Choosing the Right Tool for the Job

For most hobbyists and DIY repair work, a digital multimeter with a capacitance mode handles the vast majority of situations. If you’re checking whether a capacitor is dead, shorted, or wildly out of spec, it gives you a fast, clear answer. These are also the most affordable option, since many general-purpose multimeters already include the function.

If you’re diagnosing intermittent problems in electronics, especially swollen or suspect electrolytic capacitors on circuit boards, a dedicated ESR meter pays for itself quickly. These typically cost between $20 and $80 and can test capacitors in-circuit with reasonable accuracy, since they use a high-frequency, low-voltage signal that doesn’t activate surrounding components the way a standard capacitance test does.

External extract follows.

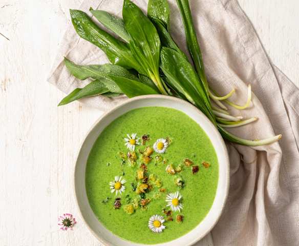 frische Bärlauchblätter grob geschnitten, etwas mehr zum Dekorieren150 g
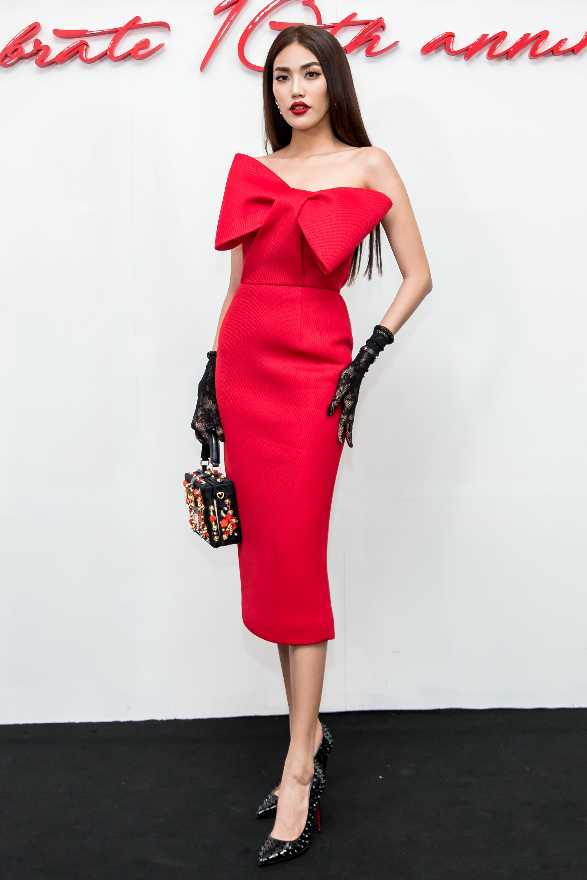 Lan Khuê nhận được điểm 10 từ fan khi đem đến ánh nhìn cổ điển trong mẫu váy nơ tạo khối 3D. Túi xách, giày, gang tay được chọn tinh tế giúp cô được khen ngợi hết lời.

LCR meters sit at the professional end. They’re the right tool when you need to characterize a capacitor’s full behavior across frequencies, verify incoming parts for quality, or do design work where the loss factor and quality factor matter. Benchtop models start around $200 and go up from there, with handheld versions available for less. Unless you’re doing engineering-level work, a multimeter combined with an ESR meter covers nearly every practical scenario.